Since there is no way for the player to know which of the two unopened doors is the winning door, many people assume that each door has an equal probability and conclude that switching does not matter. However, as long as the host knows what is behind each door, always opens a door revealing a goat, and always makes the offer to switch, opening a losing door does not change the probability of 1/3 that the car is behind the player's initially chosen door. As there is only one other unopened door, the probability that this door conceals the car must be 2/3.
The problem is also called the Monty Hall paradox; it is a veridical paradox in the sense that the solution is counterintuitive. For example, when Marilyn vos Savant offered the problem and the correct solution in her Ask Marilyn column in Parade, approximately 10,000 readers, including several hundred mathematics professors, wrote to tell her she was wrong. Some of the controversy was because the Parade statement of the problem fails to fully specify the host's behavior and is thus technically ambiguous. However, even when given completely unambiguous problem statements, explanations, simulations, and formal mathematical proofs, many people still meet the correct answer with disbelief.

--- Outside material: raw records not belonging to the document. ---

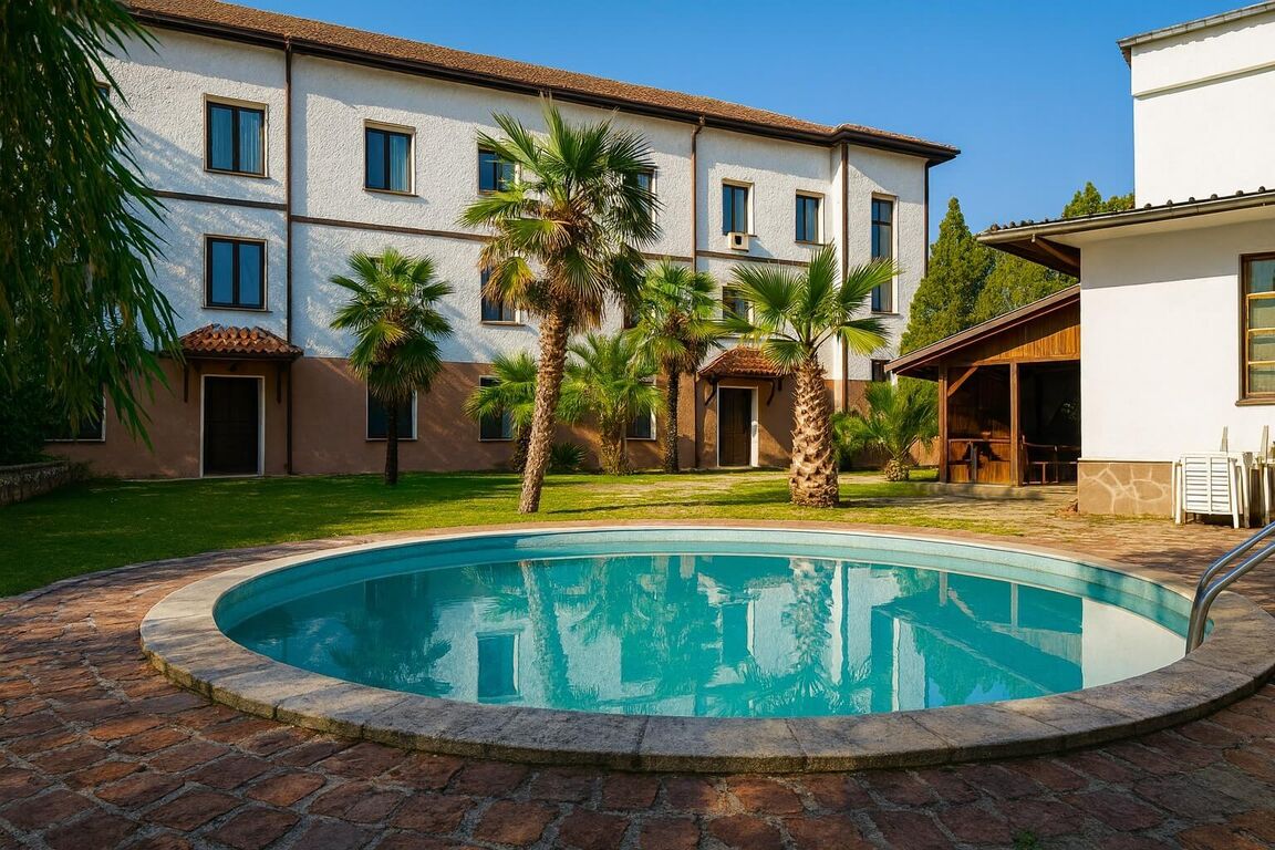 In the large courtyard, surrounded by palm trees, there is a swimming pool with a treatment plant, as well as an indoor outdoor dining area with a colorful barbecue and an oven.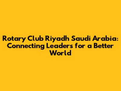 Rotary Club Riyadh: Connecting Leaders In Saudi Arabia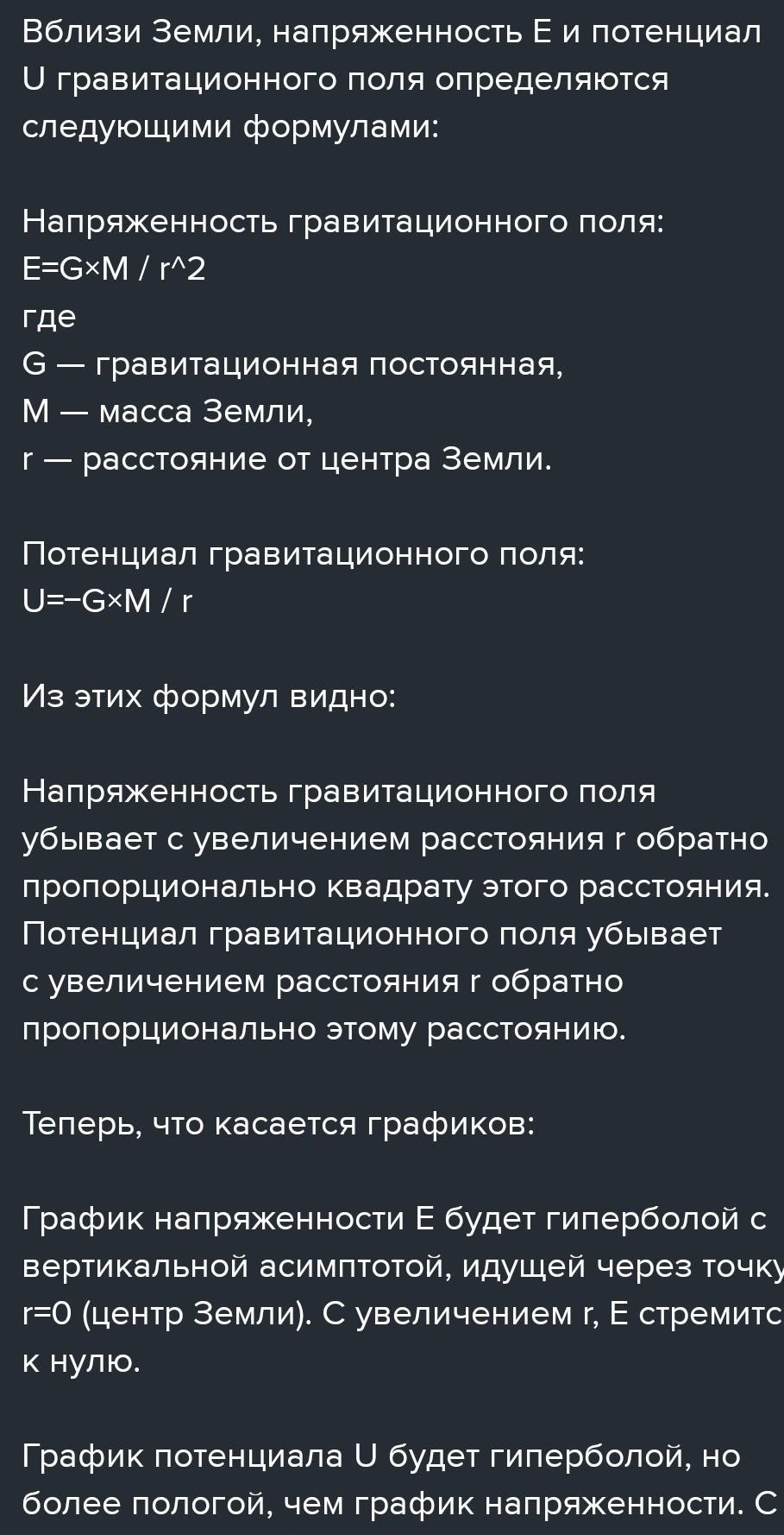 Графическая зависимость напряженности гравитационного поля Земли от расстояния до центра Земли изображена на рисунке. g(h) (h) Г А) Проанализируйте, какова зависимость величины напряженности и потенциала гравитационного поля от расстояния: [2] В) Изобразите график зависимости напряженности гравитационного поля ф от ускорения свободного падения g [4] окружности радиусом 10 см.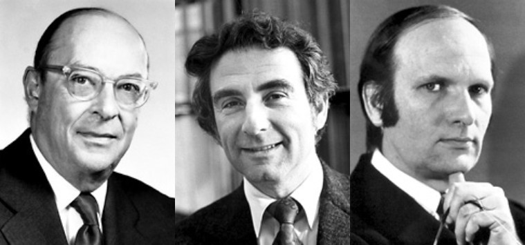 Los premiados con el Nobel de física de 1972 por la teoría BCS. Iquierda, J. Bardeen, Centro, L. N. Cooper. Derecha: J. R. Schrieffer. Imagen: Nobel Prize.org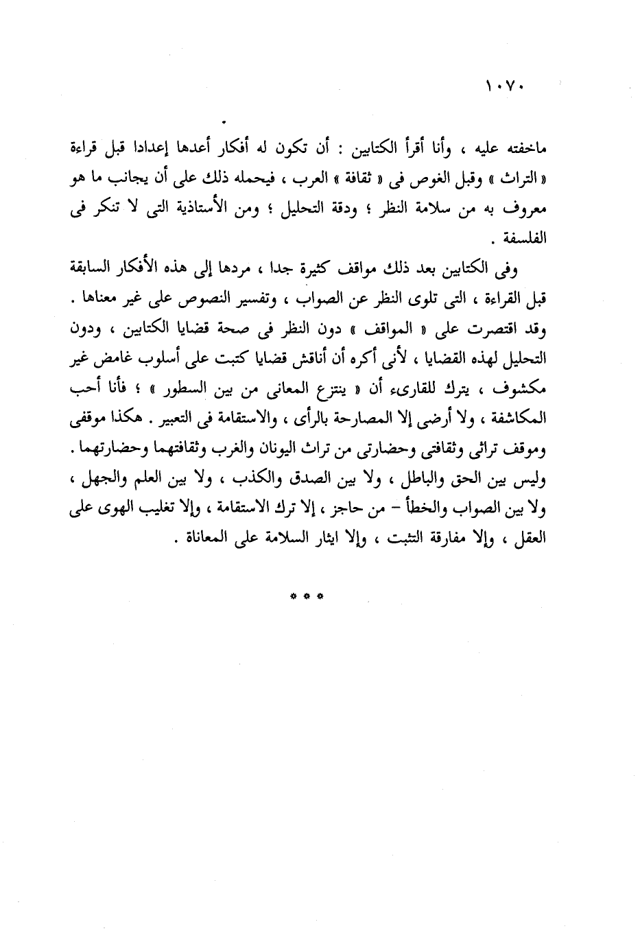 ما خفته عليه، وأنا أقرأ الكتابين: أن تكون له أفكار أعدها إعدادا قبل قراءة "التراث" وقبل الغوص في "ثقافة" العرب، فيحمله ذلك على أن يجانب ما هو معروف به من سلامة النظر؛ ودقة التحليل؛ ومن الأستاذية التي لا تنكر في الفلسفة.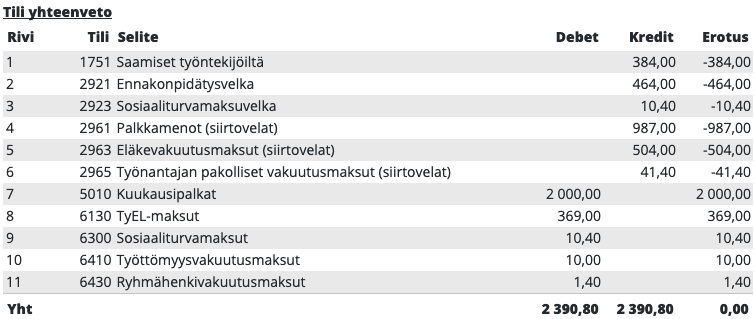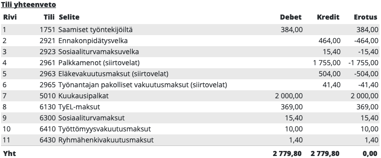 Liikaa pidätetyn ennakonpidätyksen voi kirjata suoraan palkkalaskelmalle, jotta saaminen työntekijältä ja ennakonpidätysvelka näyttävät oikein kirjanpidossa.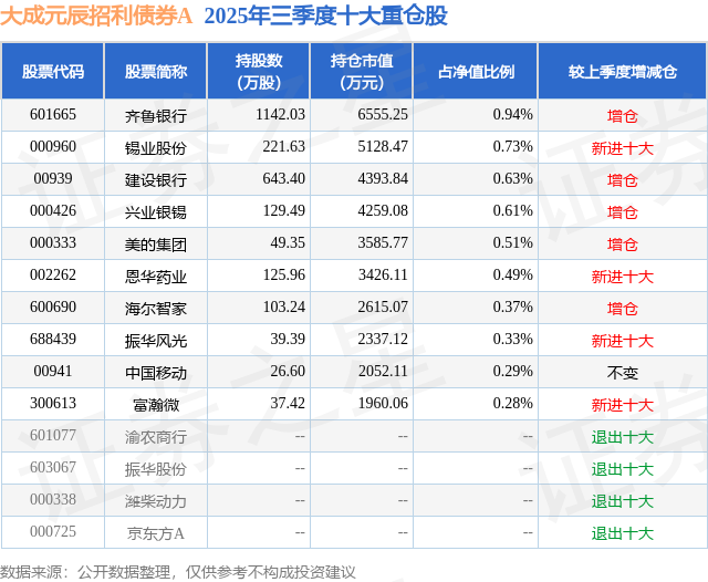 大成元辰招利债券A的前十大重仓股如下: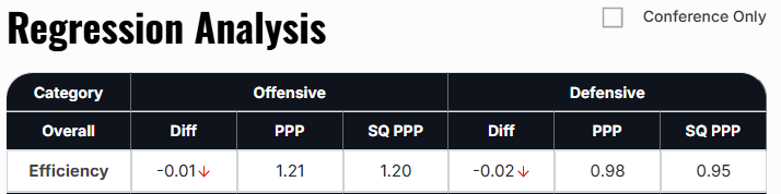 These defenses rock. Oregon is at 1.03 SQ PPP allowed & Stanford is at 1.00. This is very important with a pace that I believe will be slower than the market suggests. Dana Altman and Kyle Smith are very familiar with each other from their Pac-12 battles over the years. This will be an absolute chess match with some zones thrown in here and there. Oregon is 152nd in adjusted tempo per KenPom, but I think this game plays much closer to where Stanford ranks in that category (222nd).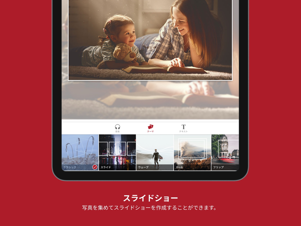 ・お気に入りの写真を集めて、オリジナルのスライドショーを作成できます。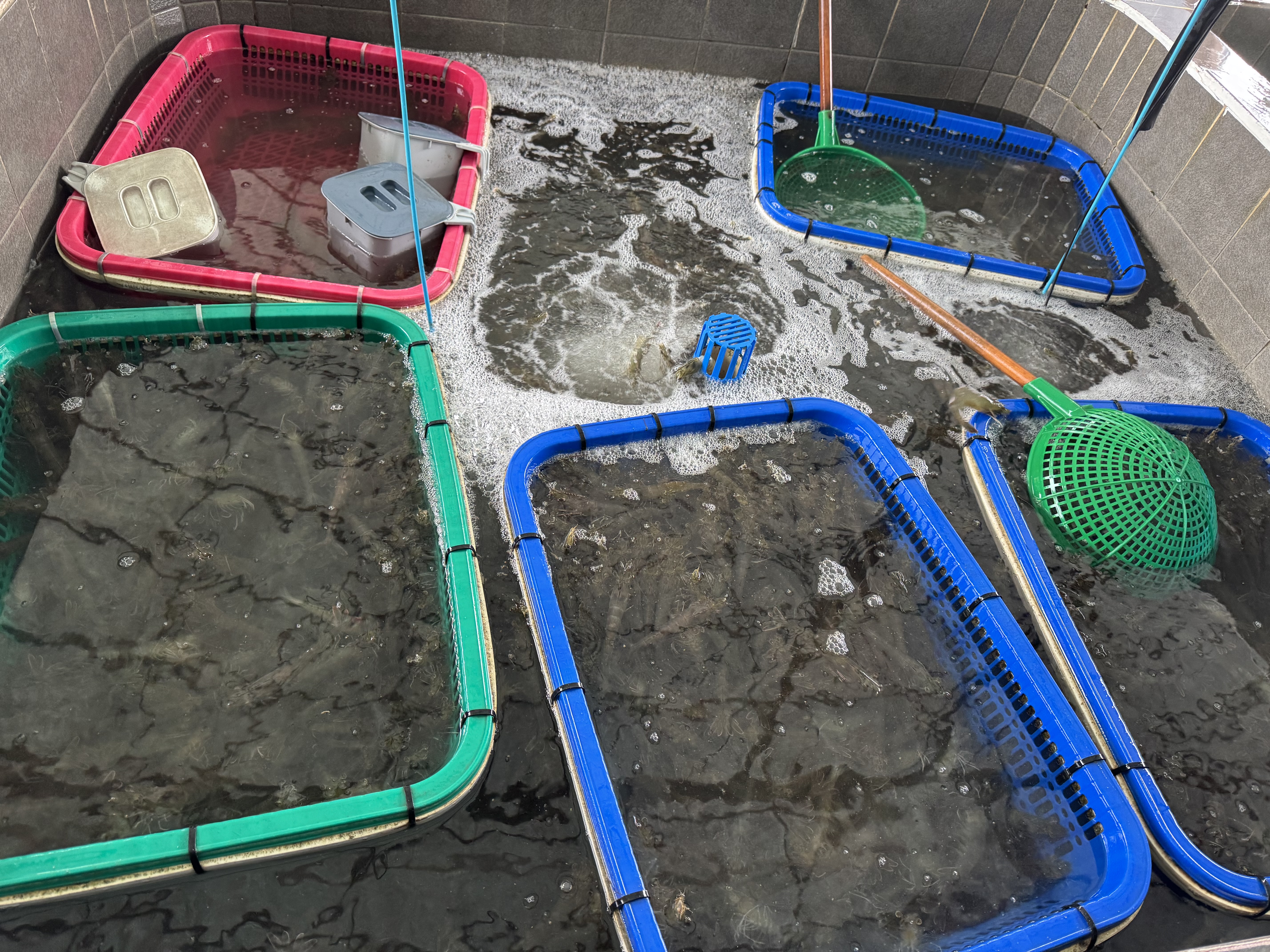 웨이팅하면서 수조 속 새우들을 봤는데, 싱싱하게 꿈틀꿈틀 살아있더라구요.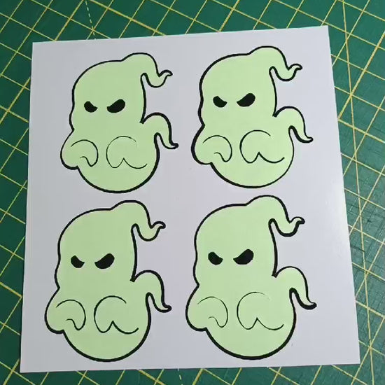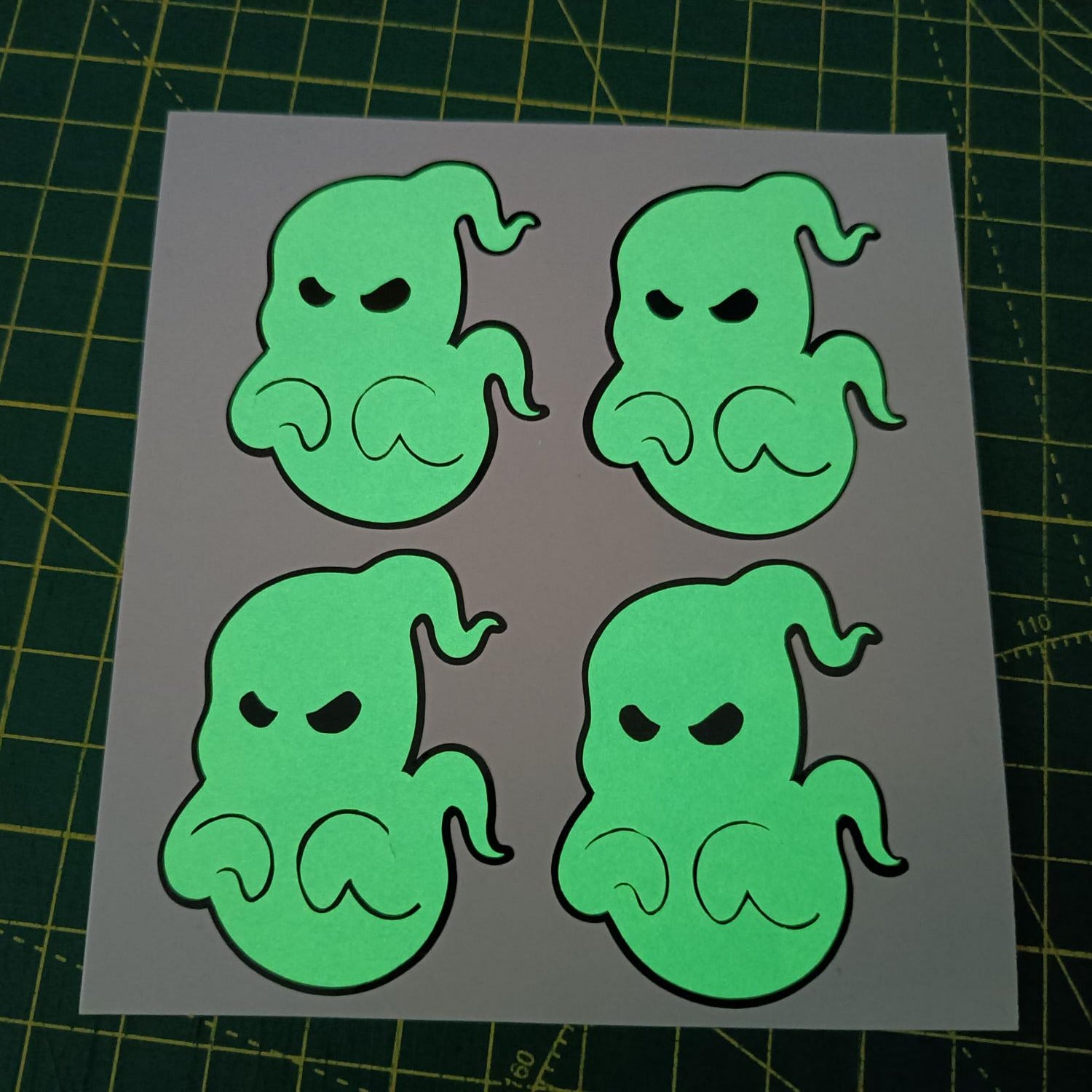 Brighten your crafts, journals, and personal items with this glow-in-the-dark ghosts sticker sheet. Perfect for planners, scrapbooks, stationery, laptops, and DIY projects.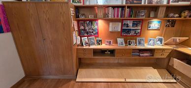 - Lato lungo cameretta con 11 cassetti e 1 sportello, 1 contenitore e mensola superiore con 3 ripiani e due faretti. Dimensioni: lunghezza cm 275 x profondità cm 35 x altezza cm 170.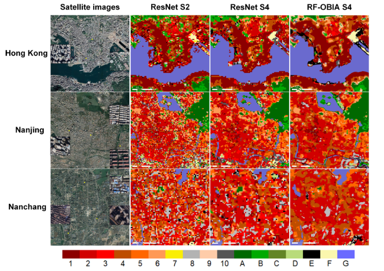 图2 不同城市采用不同分类范式的比较结果,其中,RF-OBIA S4是在对象范式下使用了城市形态参数的分类结果,ResNet S2是像素范式下主要使用光谱特征的分类结果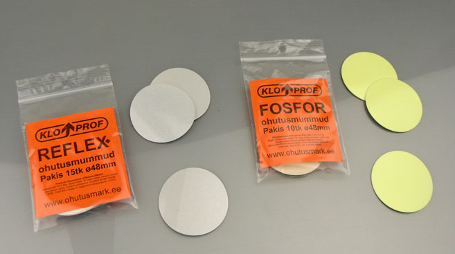 Kahe värvilistest helkurmaterjalidest valmistatud toodetele on võimalik tellida eraldi peale pandavad kaitsekiled.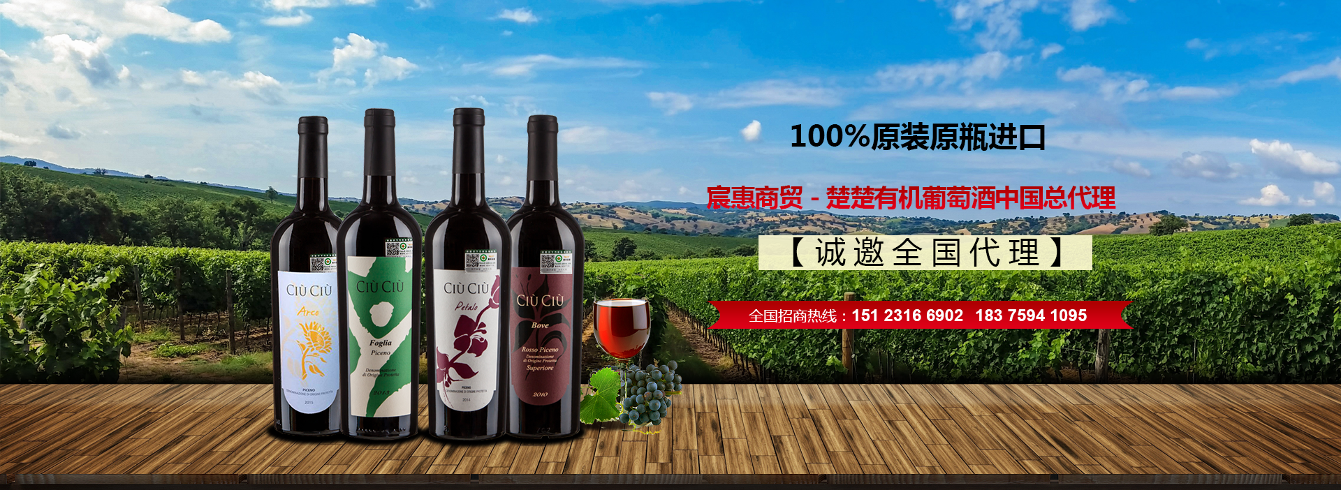 根據不同進貨額度,總部每年給予返利和返點支持,銷售越高,獲利越多2015年11月14日,意大利CIU'CIU'有機葡萄酒品鑒會暨重慶市宸惠(酒業)商貿有限公司招商說明會在重慶維景大酒店成功舉辦!在此宸惠酒業全體員工感謝自意大利遠道而來的CIU’CIU’(楚楚)有機酒莊莊主及工作人員親臨現場;感謝重慶MBA葡萄酒協會會長(法國波爾多騎士、法國波爾多盲品挑戰賽中國站冠軍、WEST高級品酒師)的專業品鑒與點評;感謝廣東商會、四川商會...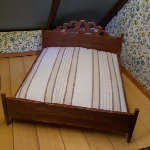1:12 nukkekodin retro tyylinen parisänky missä kiinteät yöpöydät. Mukaan tulee patja, kirjat, vesilasi, kukka ja herätyskello. Hp 15e + postit 8,90e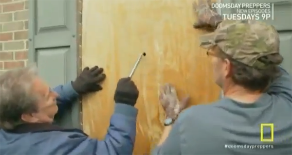 http://teotwawkiblog.blogspot.com/2013/01/something-useful-from-doomsday-preppers.htmlQuick description: the window is opened, and a long bolt fed in through a hole in the pre-cut plywood and then through a 2x4 cross brace on the interior of the home. Tightened the bolt down and you're good to go. They're using 3/4 inch plywood and, in Doomsday Preppers style, spend some time trying to smash through it. Not bullet proof, but it will certainly slow someone from getting into a home and provide concealment, too.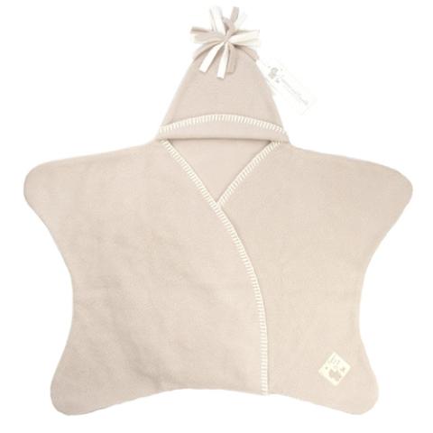 Couverture pratique en forme d'étoile ! Une couverture de couleur beige, en polaire de qualité, douce et chaude, munie d'un petit bonnet très mignon. La Couverture Etoile polaire tout en 1 pour bébé.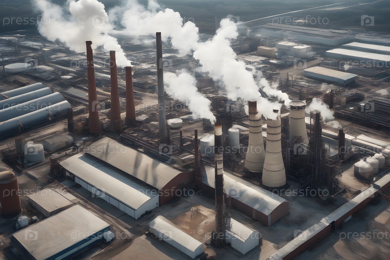 Вид с воздуха на внешность шумного промышленного объекта с дымоходами и оборудованием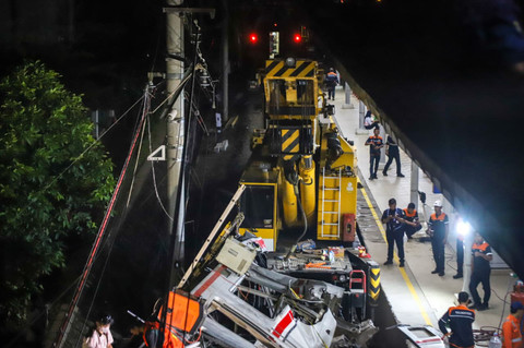 Proses evakuasi masih berlanjut sejak terjadinya kecelakaan maut yang terjadi pada Senin (27/4) malam sekitar pukul 21.00 WIB.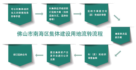 从上世纪90年代初开始,为满足企业用地需求,南海区村组两级集体经济组织以兴办乡镇企业名义申请用地,办理土地使用权证,然后将土地出租给企业投资建设。2012年,南海区工业总产值达到4226亿元,有一半以上的工业用地是集体建设用地。

- That looks very good, and it's got an excellent concise explanation of the solution. That might run into the "spoiler" objection again, but I'm not sure this article should ever be considered a suitable place to first hear (and try to solve) the riddle anyway.--Father Goose 05:03, 24 June 2007 (UTC)
- I agree. I think if anyone complains, they can be pointed towards WP:SPOILER, which states "Concerns about spoilers should play no role in decisions about the structure or content of an article, including the article's lead section", and WP:LEAD, which states "The lead should not "tease" the reader by hinting at but not explaining important facts that will appear later in the article." Taken together, I would say that is pretty decisive! Geometry guy 12:02, 24 June 2007 (UTC)
- Not to mention: "Spoilers and spoiler warnings should not be used in articles on non-fictional subjects" from WP:SPOILER. --P3d0 19:36, 11 July 2007 (UTC)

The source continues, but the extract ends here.